No I didn't use a TC, but close........


----------



## Sporgon (Jun 6, 2016)

Looking at those casual long focal length shots I almost wonder if you, like myself, have treated yourself to a G3X. I've recently bought the EOS M3 system, and as I now have the viewfinder I got the G3X as well.

The tight, even grain pattern of the owl pic reminds me of these latest high tech sensors, but I'm still dubious that you'd have got to that size output with that definition.

Here's one of my first test shots at low ISO, full zoom. I've sized it up to 24" print.

I should add that unless you were very close I think you would have had trouble getting that seperation with such a small sensor. It's beginning to look to me as if you've cropped in tight on a FF and then resized up a fair bit.


----------



## fentiger (Jun 6, 2016)

Canon 1Dmk4 with a 400/2.8 mk1


----------



## d (Jun 6, 2016)

privatebydesign said:


> So my challenge, can anybody guess the camera, lens and settings that make this very presentable 16"x24" print?



I'll stick with Eldar's guess of the 1DsIII + 70-200 2.8. The noise looks about right for 1600, too, but maybe you're a gun at NR and it's actually ISO 3200 

To that I'll add an EF12 extension tube @ ~140mm

Shutter maybe 1/20 (you have IS I assume!), aperture f/4

I like owls - nice shot!

d.


----------



## Sporgon (Jun 6, 2016)

Yes I'm pretty certain now that the point you are making is one of mega pixels, and that this was probably a 1DsIII shot, probably on a 300 mil lens, but then cropped in to leave about 8 MP, then scaled back up to 24" output @ 240 dpi in PS. That would explain the extreme seperation. 

If so it's an interesting comparison with the latest high MP small sensors, because it show that beyond a certain point of potential resolution capture size (sensor size) has as much influence on IQ as cramping in more MP. 

I've pretty much discounted the 5Ds from my possible future hardware. Although it is without doubt capable of superb quality I'll be interested to see what the next generation of lower MP FF cameras can do in comparison. 

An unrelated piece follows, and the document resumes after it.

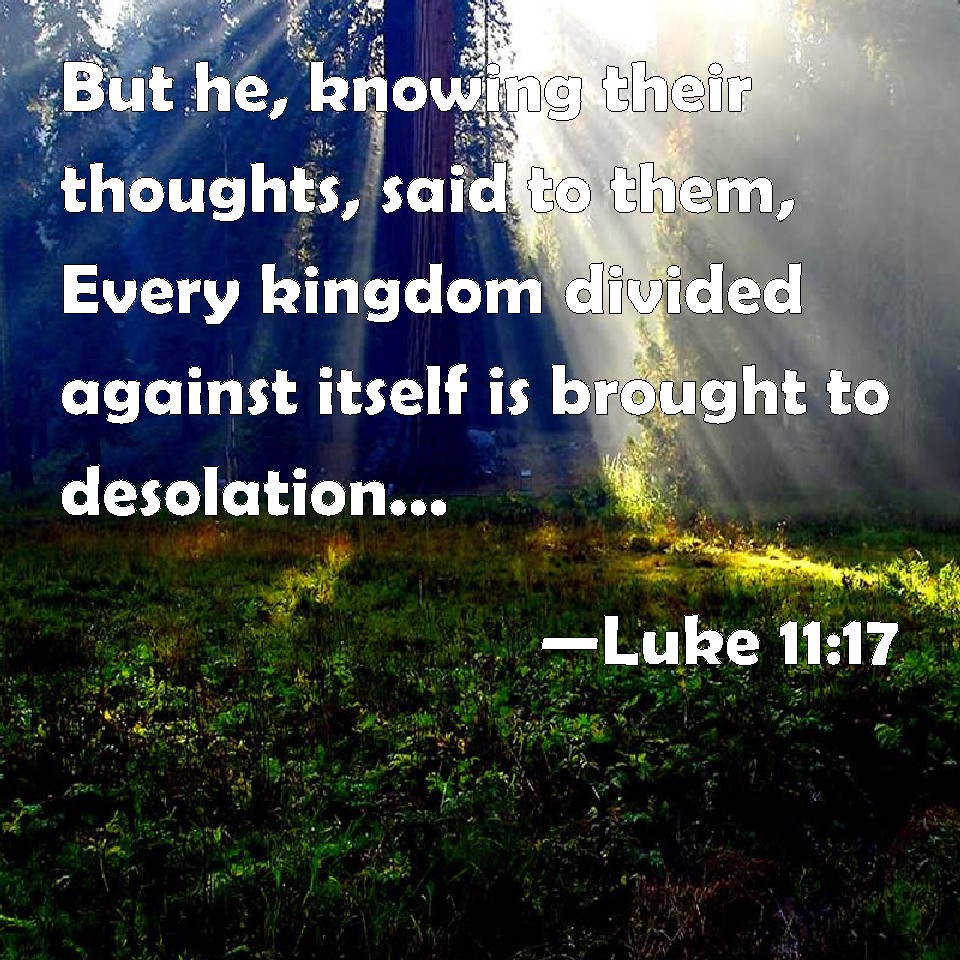 Choose a Background Luke 11:17 But he, knowing their thoughts, said to them, Every kingdom divided against itself is brought to desolation; and a house divided against a house falls. KJV: But he, knowing their thoughts, said unto them, Every kingdom divided against itself is brought to desolation; and a house divided against a house falleth. DRB: But he seeing their thoughts, said to them: Every kingdom divided against itself, shall be brought to desolation, and house upon house shall fall. DBT: But he, knowing their thoughts, said to them, Every kingdom divided against itself is brought to desolation: and a house set against a house falls; ERV: But he, knowing their thoughts, said unto them, Every kingdom divided against itself is brought to desolation; and a house divided against a house falleth. WBT: But he, knowing their thoughts, said to them, Every kingdom divided against itself is brought to desolation; and a house divided against a house falleth. WEB: But he, knowing their thoughts, said to them, "Every kingdom divided against itself is brought to desolation. A house divided against itself falls. YLT: And he, knowing their thoughts, said to them, 'Every kingdom having been divided against itself is desolated; and house against house doth fall;Links Luke 11:17 NIV • Luke 11:17 NLT • Luke 11:17 ESV • Luke 11:17 NASB • Luke 11:17 KJV • Luke 11:17 Interlinear • Luke 11:17 Commentaries • Luke 11:17 Parallel Texts • Luke 11:17 Bible Apps • Luke 11:17 Parallel • Bible Hub |

If older tech I still think the owl pic is below 800 ISO.


----------



## zim (Jun 6, 2016)

Crop sensor with a 70-200 f2.8 ? @200mm- f3.2  f3.5 ;D


----------



## ethanz (Jun 6, 2016)

privatebydesign said:


> unfocused said:
> 
> 
> > I am far more interested in where and how people manage to find owls willing to pose. We have at least one barred owl in the neighborhood, but only know that from she/he asking who is cooking for you, plus the very rare sighting of a blur of wings and feathers in the dark.
> ...



May I come visit you and see him? I've only seen one owl in the pitch black night. Fortunately I had my big flash. He didn't like that. lol


----------



## ethanz (Jun 6, 2016)

unfocused said:


> Living in the Midwest all my life, I'm extremely jealous of people who have the good fortune to live in areas where the wildlife is more plentiful, weather more appealing and the landscape is not comprised of corn as far as the eye can see. The most abundant wildlife for us are suicidal deer leaping into the sides of cars.



Come on, the corn and plainness of the midwest is beautiful. After coming back from long trips elsewhere I appreciate the beauty of every place God has made.


----------



## ajfotofilmagem (Jun 6, 2016)

Canon 5d original + 400mm F5.6 :

I've done in the past a print on photo paper 70 cm, with the totally bonehead Rebel XTi (10 megapixel) with the old lens Tokina 16-50mm F2.8, and the result was very good.
All I did was overexpose a little bit, keep the ISO200 and stop down the lens to F4. No one could say it was "only" 10 megapixel.


----------



## unfocused (Jun 6, 2016)

ethanz said:


> privatebydesign said:
> 
> 
> > unfocused said:
> ...



Party at Private's house. BYOC. (Bring Your Own Canon.)


----------



## JClark (Jun 6, 2016)

Apologies in advance if I'm either going too far afield or dragging this back to an original topic which has drifted, but I'm not prepared to make a guess at the actual equipment used... That said, the larger question of how much is enough is always a question for rousing debate, isn't it? 

In the case of *this specific image*, whatever the OP has done is clearly good enough to print (IMHO of course). That said, it's also my opinion that the subject matter and composition is as much a cause of this as is the technical side of it. The owl looks great, the eyes connect and the catchlight is striking. It's a *good photo* and that goes a long way toward mitigating the shortcomings, and to be fair, there are some. The feather detail is muddy and the branch isn't crisp. Maybe some aggressive noise reduction? But as I said, not a problem (and at a few feet viewing distance, you wouldn't notice anyway. And at ANY distance, non-photographers probably wouldn't care if they dig the owl - I've seen some stuff at high end galleries in Santa Fe that, up close, meaning 2 feet is embarrassing. But it still sells on subject and composition).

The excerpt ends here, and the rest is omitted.